Attorney General of Puerto Rico
- In office 1901-1903

Personal details
- Born: November 24, 1861 Evansville, Indiana, U.S.
- Died: September 20, 1927 (aged 65)
- Spouse: Mary Maud Noble ​(m. 1897)​
- Relations: John Marshall Harlan II (nephew) John Maynard Harlan (brother) James Harlan (grandfather)
- Parent: John Marshall Harlan (father);
- Alma mater: Princeton University
- Occupation: Lawyer

= James S. Harlan =

American lawyer (1861–1927)

James S. Harlan (November 24, 1861 - September 20, 1927) was an American lawyer and commerce specialist, son of U.S. Supreme Court Justice John Marshall Harlan and uncle of Justice John Marshall Harlan II.

==Biography==
Harlan was born at Evansville, Indiana, graduated from Princeton University in 1883, and studied law in the office of Melville W. Fuller in 1884 to 1888. Admitted to the bar in 1886, he practiced law in Chicago as a member of the firms of Gregory, Booth, and Harlan, and Harlan and Harlan. From October 1888 to 1889, he served as the first law clerk to Chief Justice Fuller.

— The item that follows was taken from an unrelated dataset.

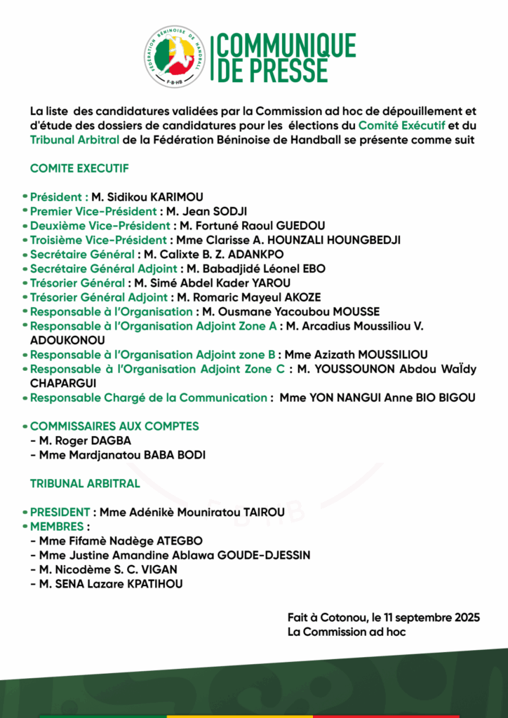La Commission ad hoc chargée d’examiner les dossiers a tranché. Pour les élections des membres Comité exécutif et du Tribunal arbitral de la Fédération béninoise de handball, elle a publié la liste des candidatures retenues. L’annonce a été faite dans un communiqué officiel, daté du 11 septembre 2025.

In 1894, alongside Clarence Darrow and Stephen S. Gregory, Harlan represented Patrick Eugene Prendergast (the assassin of Chicago Mayor Carter Harrison Sr.) in petitioning for a jury to determine his sanity in order to challenge his conviction to the death sentence. They succeeded in getting a jury to hear argument that Prendergast was currently insane, therefore (per state law) ineligible for execution. However, Prendergast was deemed sane and was executed.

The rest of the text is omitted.